Southern Esoteric Buddhism and Borān kammaṭṭhāna ('former practices') are terms used to refer to certain esoteric practices, views and texts within Theravada Buddhism. It is sometimes referred to as Tantric Theravada due to its parallel with tantric traditions (although it makes no reference to tantras); or as Traditional Theravada Meditation.

L.S. Cousins defines it as "a type of Southern Buddhism which links magical and, ritual practices to a theoretical systematisation of the Buddhist path itself".

One specific kind of Southern Esoteric Buddhism is termed the Yogāvacara tradition.

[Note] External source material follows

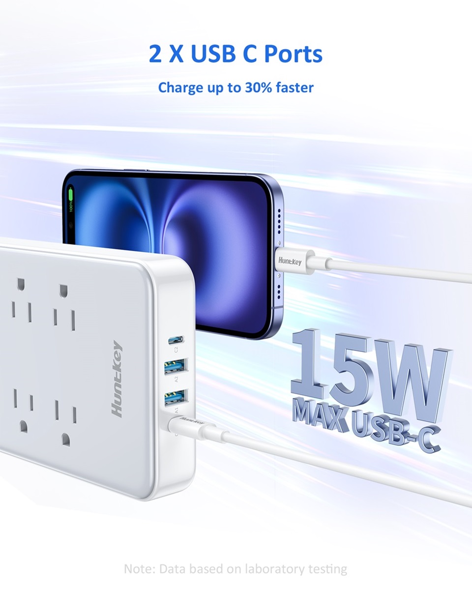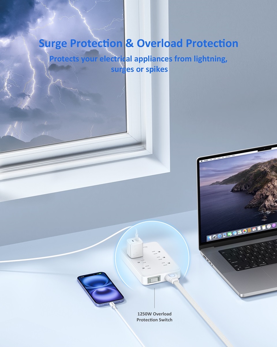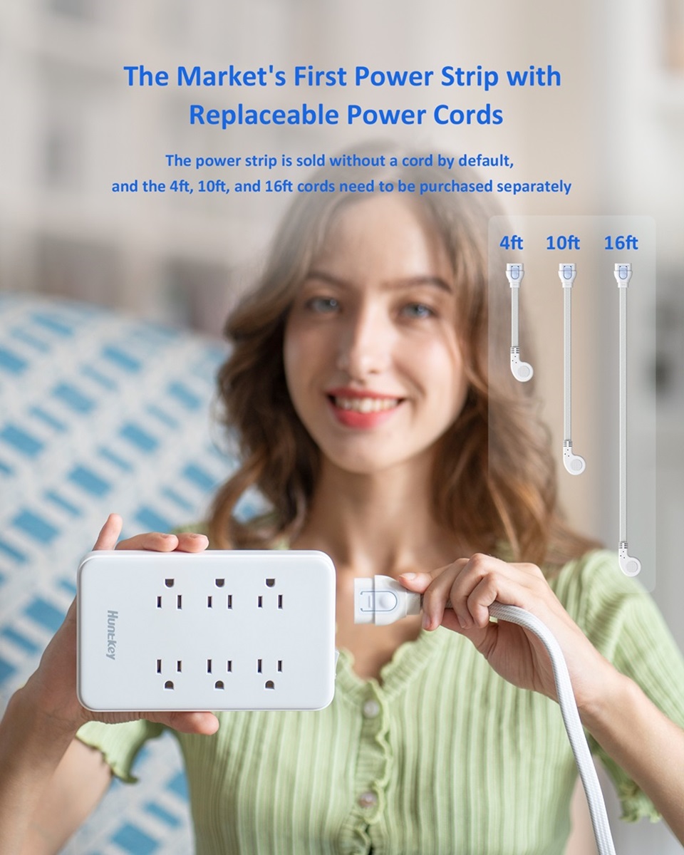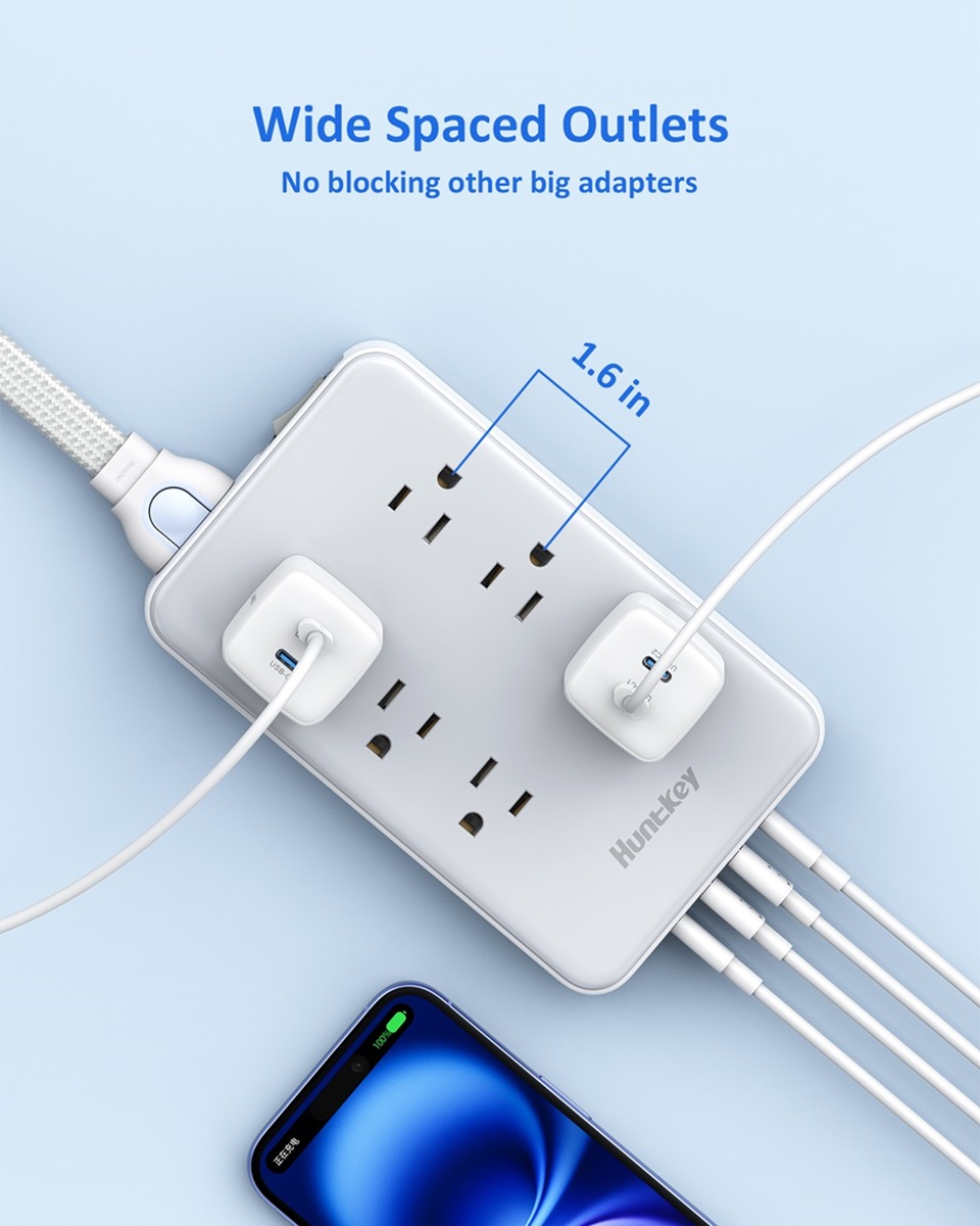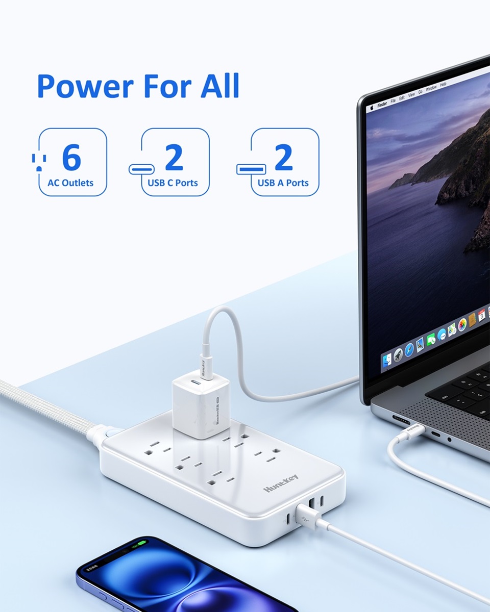 • Surge Protection & Multiple Charging Options – Huntkey Power Strip with surge protector keeps your devices safe. Features 6 AC outlets (1250W/10A) and 4 USB ports (2 USB-C, 2 USB-A) with a combined 15W output for charging phones, tablets, and more.

It is most widely practiced today in Cambodia and Laos and in the pre-modern era was a major Buddhist current in Southeast Asia. 

In the west, the study of Southern Esoteric Buddhism was pioneered by professor François Bizot and his colleagues at the École française d'Extrême-Orient with a particular focus on the material found at Angkor.

History

Possible multiple origins
Historically, the Buddhists of Abhayagiri vihāra in Sri Lanka are known to have practiced Vajrayana and this might have had an influence on Southeast Asia through their missionary work in Java. Ari Buddhism was a form of Buddhism practiced in the Mon kingdoms of Burma which also contained Tantric elements borrowed from India and local Nat (spirit) and Nāga worship. In many of Bizot's works there is some suggestion that the Buddhism of the Mon may have influenced the later Yogāvacara tradition. It is also possible that Southeast Asian Buddhism was influenced by the practice of Hinduism and Mahayana Buddhism which flourished in Southeast Asia during the time of the Khmer Empire. According to Cousins, it is also possible that Southern Esoteric Buddhism developed within the "orthodox" Mahavihara tradition of Sri Lanka, citing the 5th century Buddhist scholar Buddhaghosa's mention of secret texts (gulhagantham) as well as other textual evidence from the Pali commentaries. Cousins concludes that "It is quite possible that present-day Southern Esoteric Buddhism contains ideas and practices deriving from more than one of these sources. Nevertheless it is certainly premature to assume that it has its origins in unorthodox circles."

Flowering
The Yogāvacara tradition was a mainstream Buddhist tradition in Cambodia, Laos and Thailand well into the modern era. An inscription from Northern Thailand with esoteric elements has been dated to the Sukhothai Kingdom of the 16th century. Kate Crosby notes that this attestation makes the esoteric tradition earlier than “any other living meditation tradition in the contemporary Theravada world.”

Yogāvacara (18th century)
During the reign of Rama I, the Thai Yogāvacara master  (1733-1823) was invited to Bangkok to be head of the meditation tradition there and was later made Sangharaja (head of the religious community) by Rama II of Siam in 1820. In Sri Lanka, a revival of Buddhist meditation in the 1750s saw a proliferation of Yogāvacara teachings and texts by Thai monks from the Ayutthaya Kingdom, one of which is the Yogāvacara's manual. Monks of the Siam Nikaya practiced these teachings and established several monasteries around Kandy. As late as the 1970s, Yogāvacara practices such as the rapid repetition of Araham were recorded in Sri Lanka.

Decline (19th century)
The decline of the esoteric currents began with the rise of the reformed Buddhism in the 19th century, particularly the Dhammayuttika Nikaya established by King Rama IV (1851–1868) of the Thai Rattanakosin Kingdom in 1833, which was imported into Cambodia as it was a protectorate of the kingdom. In establishing the Dhammayuttika Nikaya, Rama IV emphasized the use of the Pali Canon as the main authority for monastic practices and also attempted to remove all superstitious and folk religious elements. The textual tradition followed by this reform movement was that of the Sri Lankan Mahavihara school (which itself dates from a set of 12th century reforms) which took the works of the 5th century scholar Buddhagosa as representing the orthodox interpretation and thus saw other Buddhist practices as unorthodox. The reforms tightened monastic discipline and led to a decline in the practices and production of texts which were not in line with Dhammayuttika Nikaya orthodoxy. When Cambodia came under the rule of the French colonial empire, the French continued this policy of suppressing pre-reform Cambodian Buddhism. In spite of this, traditional esoteric practices survived in rural areas.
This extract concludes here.